The compressibility factor (Z) is a measure of how much a real gas deviates from ideal gas behavior. It is defined as:

$Z=\frac{PV}{nRT}$

For an ideal gas, Z = 1. For real gases, Z can be greater or less than 1 due to intermolecular forces and the finite size of gas molecules.

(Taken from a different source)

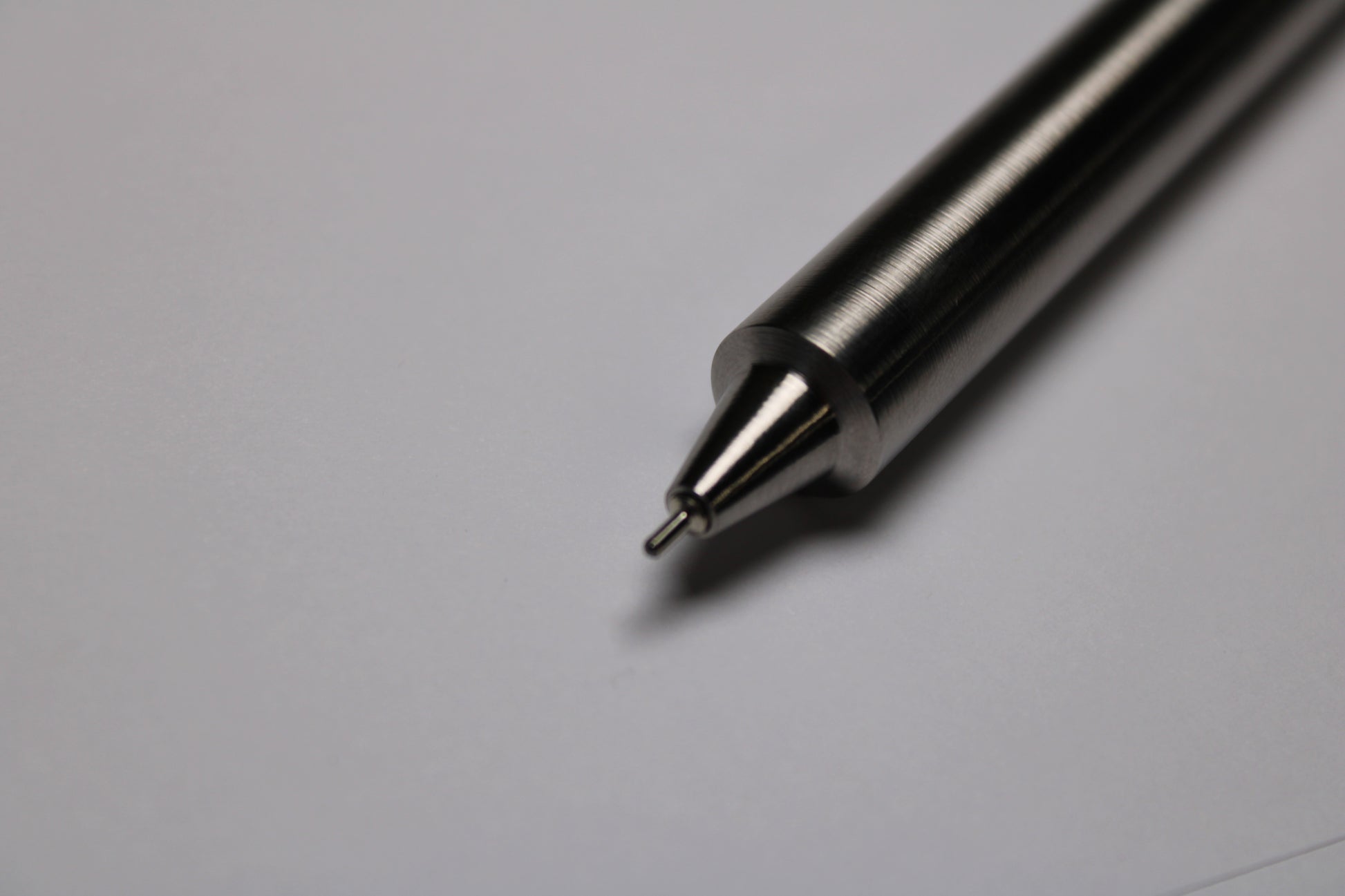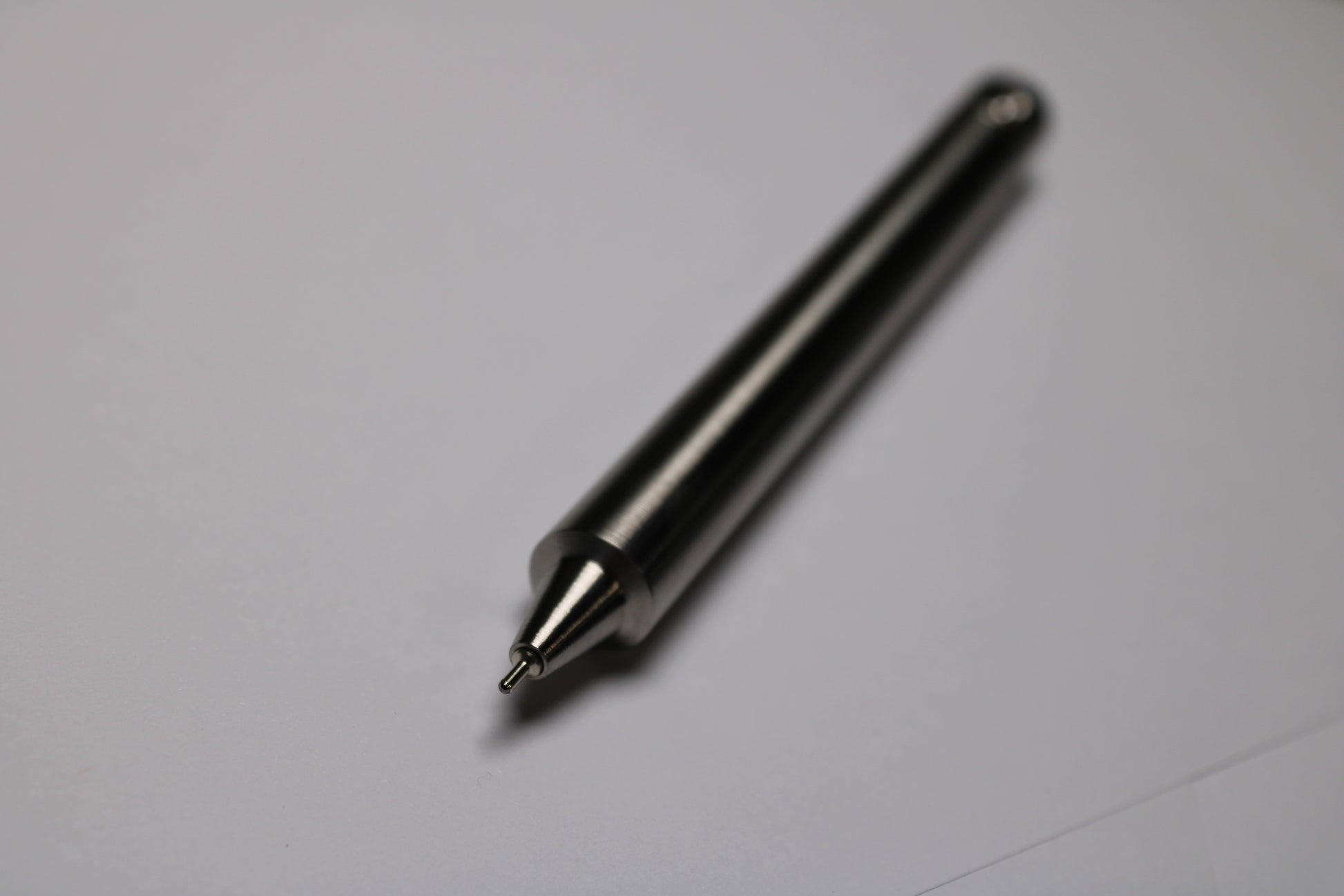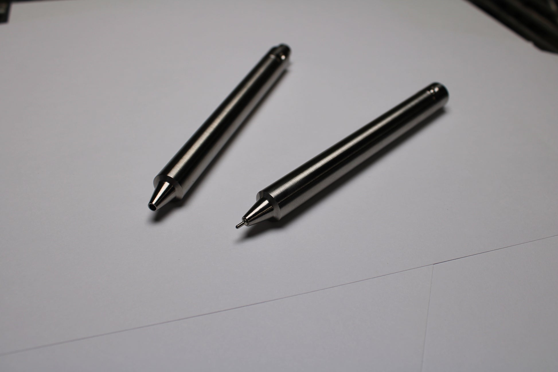 Made out of the tough and hard solid bar stock 6Al-4V Grade 5 Titanium. A single 0.45" (11.43mm) diameter grip, stepped nose section and continuous body finish with texture for grip. The mechanism comes equipped with stainless steel bearing balls. Tip details are extremely tight with a small land between the refill, and the conical section.

At high pressure, the volume is small, and the repulsive forces between molecules dominate. The van der Waals equation accounts for this with the 'b' term, which corrects for the volume occupied by the gas molecules themselves. The van der Waals equation is:

$(P+\frac{a{n}^2}{V^2})(V-nb)=nRT$

At high pressure, the term $\frac{a{n}^2}{V^2}$ becomes negligible compared to the large pressure P. The equation simplifies to:

$P(V-nb)=nRT$

Solving for PV:

$PV=nRT+Pnb$

Now, substitute this into the compressibility factor formula:

$Z=\frac{PV}{nRT}=\frac{nRT+Pnb}{nRT}=\frac{nRT}{nRT}+\frac{Pnb}{nRT}=1+\frac{Pb}{RT}$

Therefore, the compressibility factor at high pressure is $1+\frac{pb}{RT}$.

Comparing with the given options, the correct answer is: $1+\frac{pb}{RT}$

Related Topics and Formulae

Van der Waals Equation: An equation of state for real gases that introduces correction factors 'a' (for attractive forces) and 'b' (for molecular volume) to the ideal gas law.

$(P+\frac{a{n}^2}{V^2})(V-nb)=nRT$

Compressibility Factor (Z): A dimensionless factor that quantifies the deviation from ideal gas behavior.

$Z=\frac{PV}{nRT}$

At Low Pressure: Attractive forces dominate, and Z < 1.

At High Pressure: Repulsive forces dominate, and Z > 1.